**WHAT TO WORK ON:** For this exercise, copy exactly the lines below from the one with "ABB ACS800變頻器故障代碼和維修措施" through the one with "2024年11月01日 パレードに向けて① 4歳児" and leave out the pictures.

Collection entries:

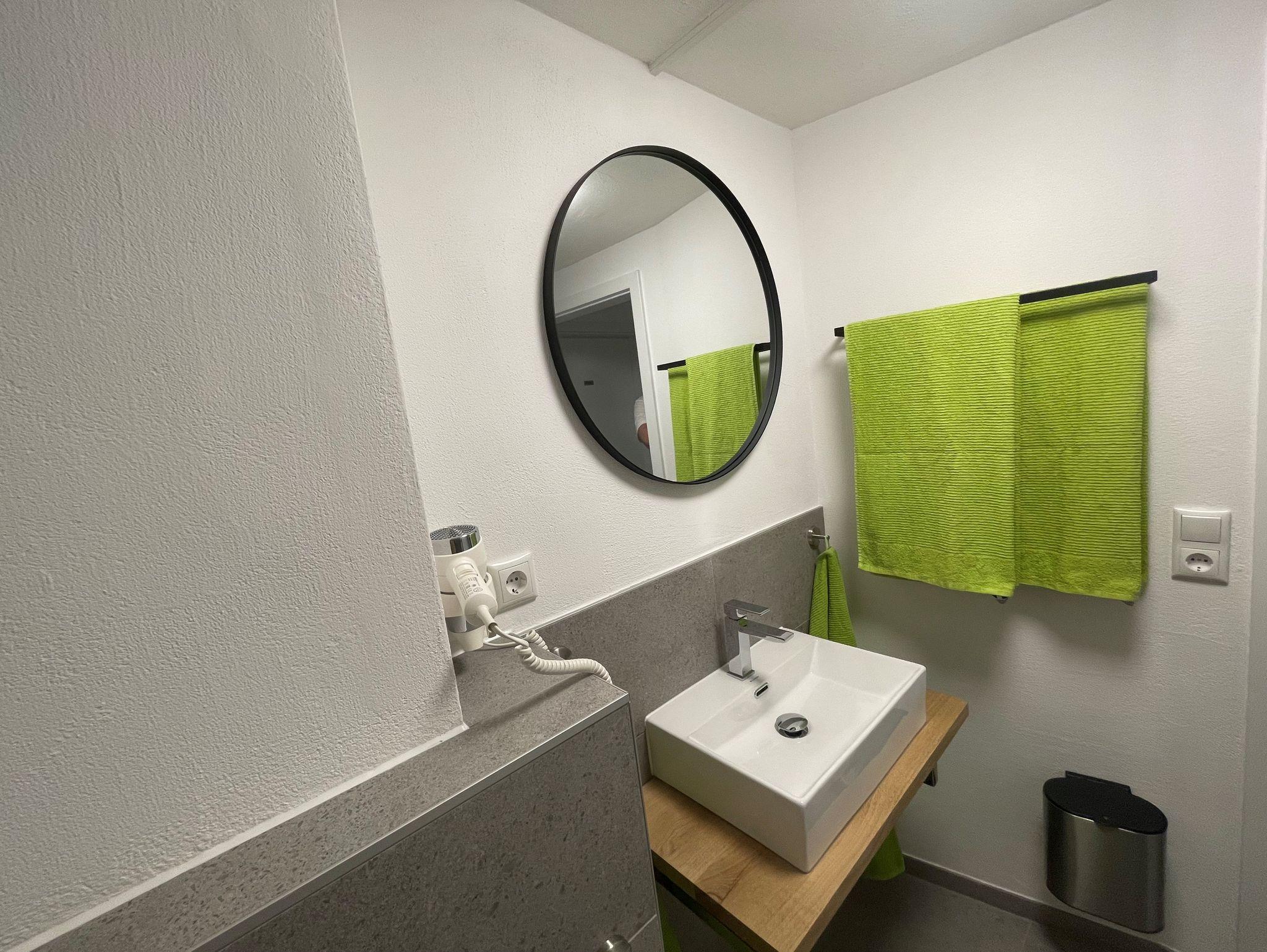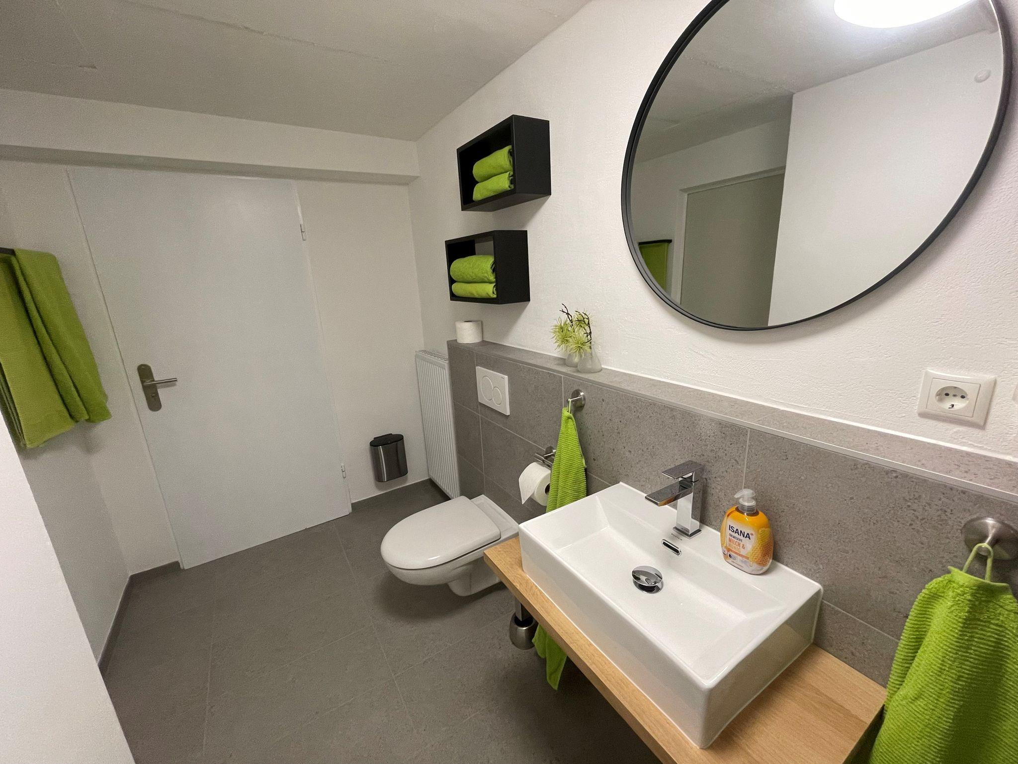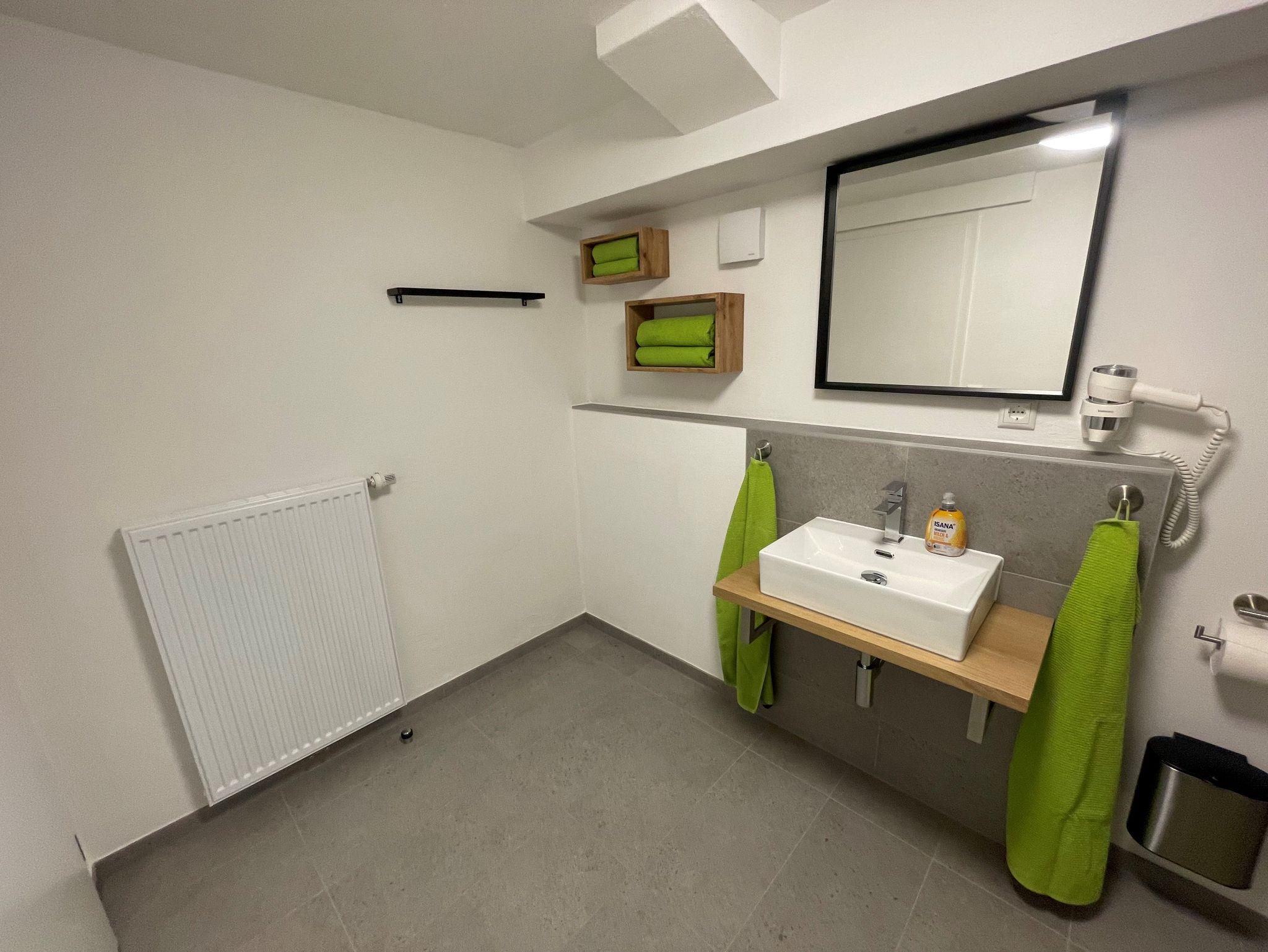 Im Kellergeschoss, das direkt über eine Treppe in der gemieteten Wohnung erreicht wird stehen 3 Duschen mit WC und ein grosses Schlafzimmer mit einem Doppelbett bereit.
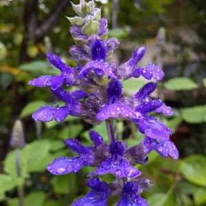 サルビア ミスティ一番咲き また雨…… 雫💧を湛えた貴女は貴婦人 今から次々と咲いて下さいませ
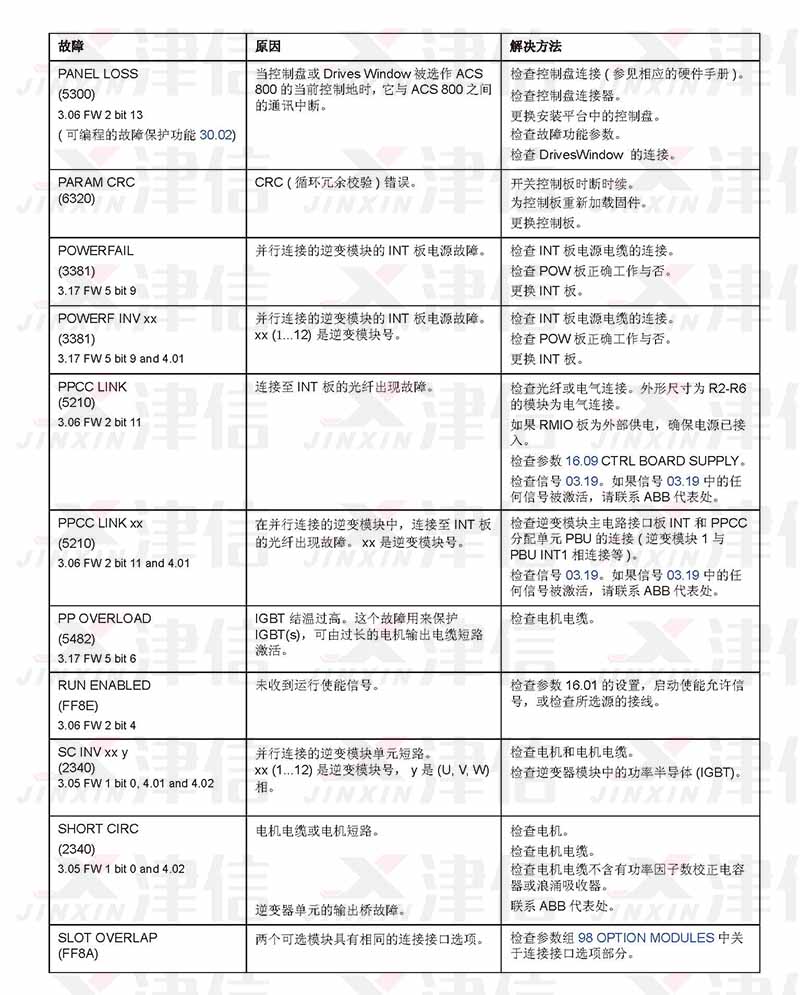 ABB ACS800變頻器故障代碼和維修措施
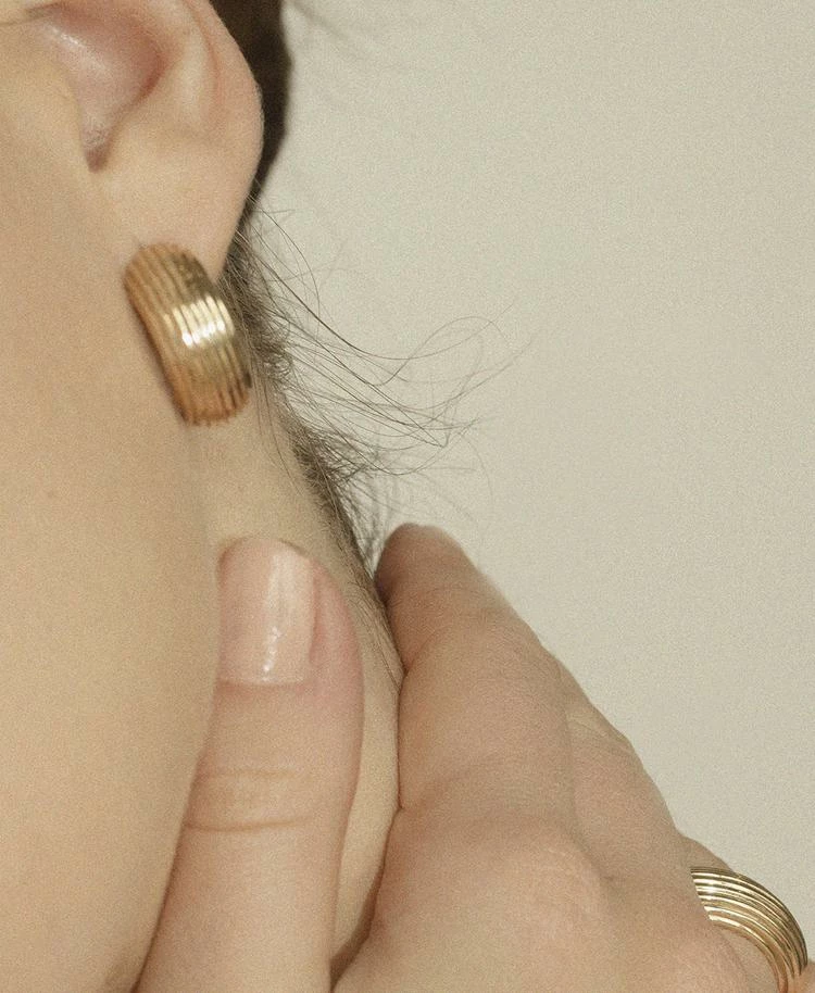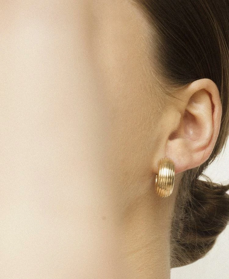A mid-sized hoop with a series of soft repeating lines that add texture and invite play between light and shadow. Vintage-inspired opulence for everyday. Fastened with our Signature Silicone Backs.
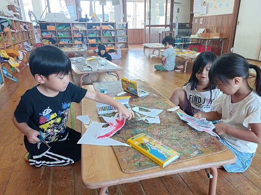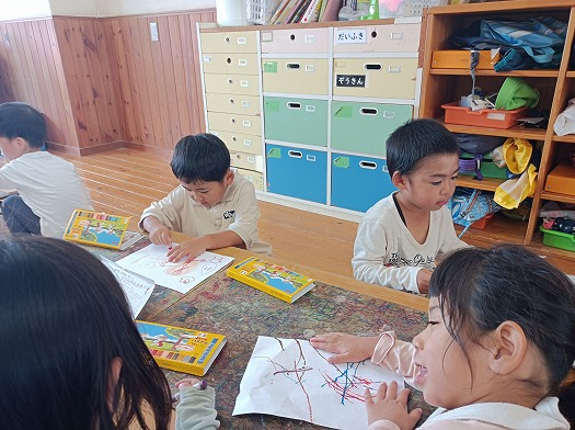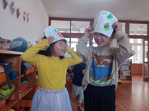 2024年11月01日 パレードに向けて① 4歳児 ほし お面の製作をしました。 自分の好きなようにおばけを描きましたが、鬼を描いている子も多くいました。 お面が完成すると、頭に付けて外で楽しそうに遊んでいました。 一覧へ戻る
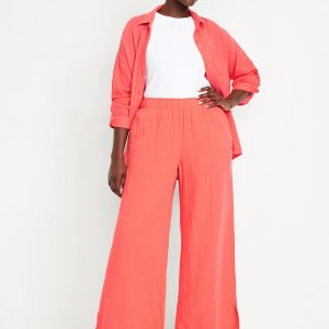 High-Waisted Crinkle Gauze Super Wide-Leg Pants
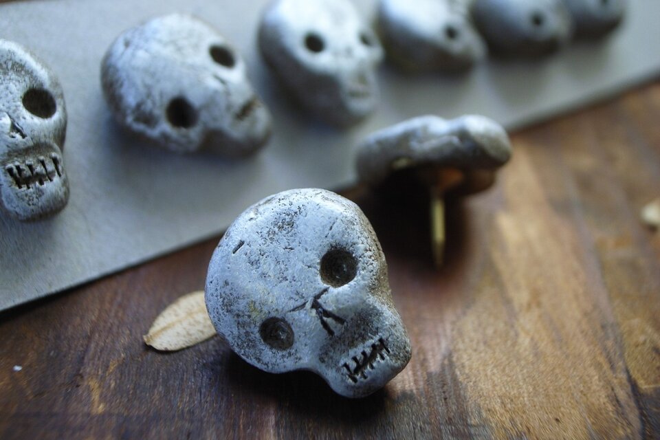 オーブン陶土で作った石のようなガイコツ。
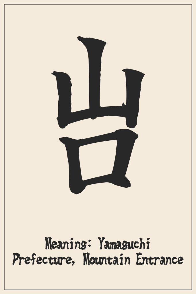- 山口 (Prefectura de Yamaguchi, entrada a la montaña) – Diseño kanji japonés
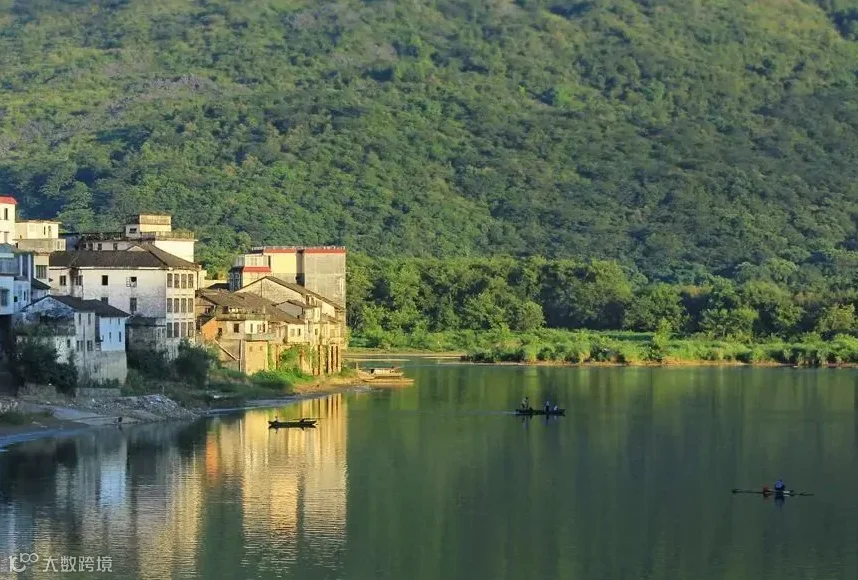 在秦汉古道的旁边,拥有一个宛如一幅完整的泼墨山水画的水口连江画廊。那里山清水秀、峰峦连云,两岸山峰起伏,各显秀姿;峭壁上钟乳琳琅;中间是翠绿的田园、古旧的民居,构成一幅淡雅清秀的山水画卷。
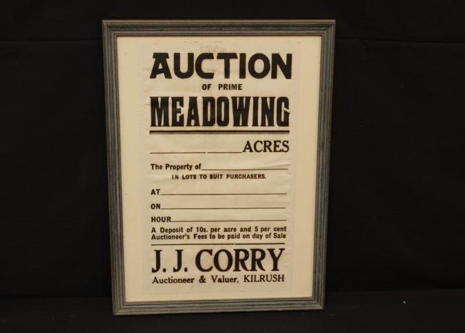 FR BROADSIDE, BLANK FORM "AUCTION OF PRIME MEADOWING" J.J. CORRY, AUCTIONEER, KILRUSH. 16" X 20"Created By
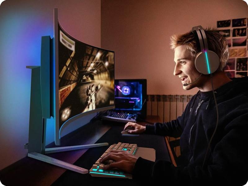 Zaokrąglona konstrukcja ogromnego 49-calowego ekranu otacza użytkownika wrażeniem pełnego zanurzenia. Subtelne, ale głębokie wygięcie zwiększa immersję zarówno podczas grania, jak i oglądania filmów. Prawdziwa 10-bitowa głębia koloru tworzy naturalne przejścia tonalne i płynne gradienty. Certyfikat DisplayHDR True Black 400 gwarantuje wyjątkową detaliczność w cieniach i niesamowitą głębię czerni. Każda scena prezentuje się bardziej realistycznie, intensywnie i pełniej niż na tradycyjnych monitorach.
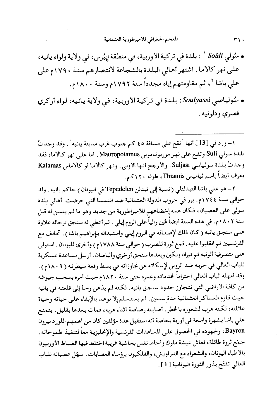 (2) هو علي باشا التبدلنلي (نسبة إلى تبدلن في اليونان) حاكم يانيه. ولد حوالي سنة 1744م. برز في حروب الدولة العثمانية ضد النمسا التي حرضت أهالي بلدة سولي على العصيان، فكان همه إخضاعهم للأمبراطورية من جديد وهو ما لم يتسن له قبل سنة 1802م. في هذه السنة أيضا عين واليا على الروم إيلي. ثم أعطي له سنجق ترحاله علاوة على سنجق يانيه (كان ذلك لإضعافه في الروم إيلي واستبداله بإبراهيم باشا). تحالف مع الفرنسيين ثم انقلبوا عليه. قمع ثورة للصرب (حوالي سنة 1788م) وأخرى لليونان. استولى على متصرفية ألونيه ثم تيرانا وبكين وبعدها سنجق أوخري وألباصان. أرسل مساعدة عسكرية للباب العالي في حربه ضد الروس لإسكاته عن تجاوزاته في بسط رقعة سيطرته (1809م).
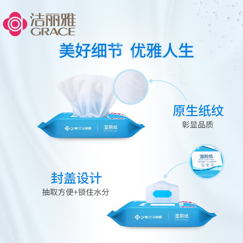 纸张中蕴含原生木浆,温和可降解,用后能直接丢入马桶。ED纯水配方,轻松擦除污垢,清爽洁净又舒适。
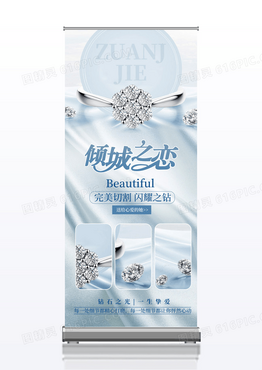 清新蓝色高级简约饰品钻戒婚戒钻石珠宝首饰展架易拉宝海报
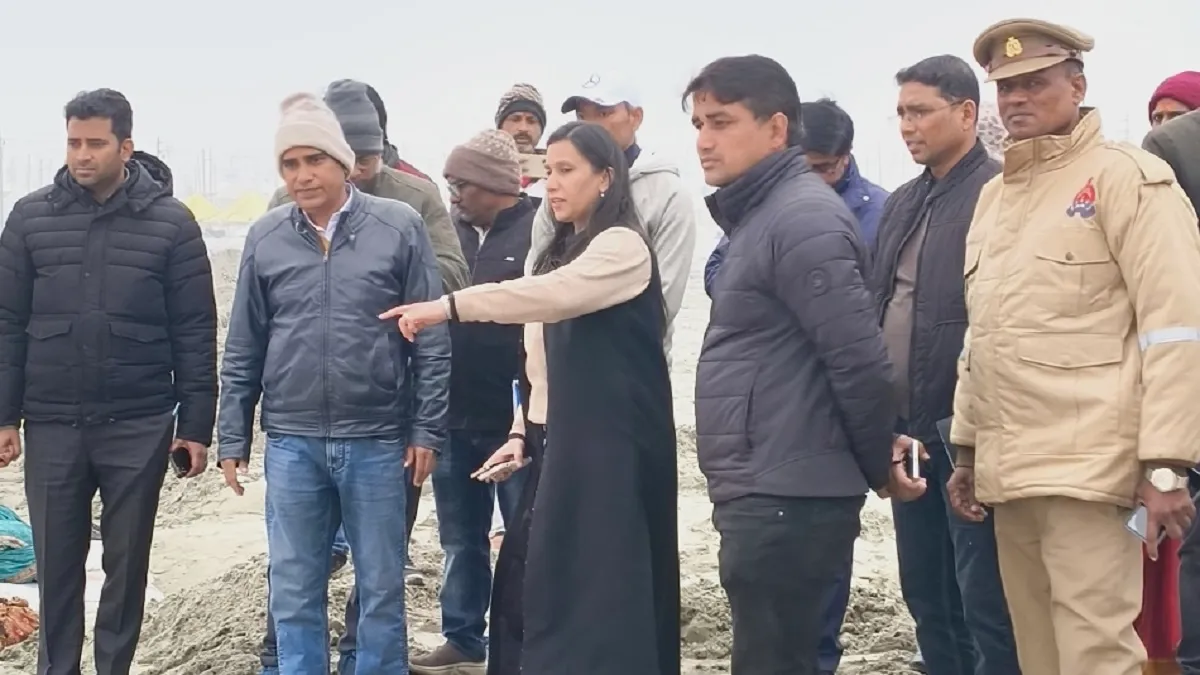 Magh Mela 2026 प्रयागराज माघमेला की तैयारियों का निरीक्षण करतीं मंडलायुक्त सौम्या अग्रवाल। सौजन्य : सूचना विभाग

**SOLUTION FOR THIS EXERCISE:**
 ABB ACS800變頻器故障代碼和維修措施
A mid-sized hoop with a series of soft repeating lines that add texture and invite play between light and shadow. Vintage-inspired opulence for everyday. Fastened with our Signature Silicone Backs.
 2024年11月01日 パレードに向けて① 4歳児 ほし お面の製作をしました。 自分の好きなようにおばけを描きましたが、鬼を描いている子も多くいました。 お面が完成すると、頭に付けて外で楽しそうに遊んでいました。 一覧へ戻る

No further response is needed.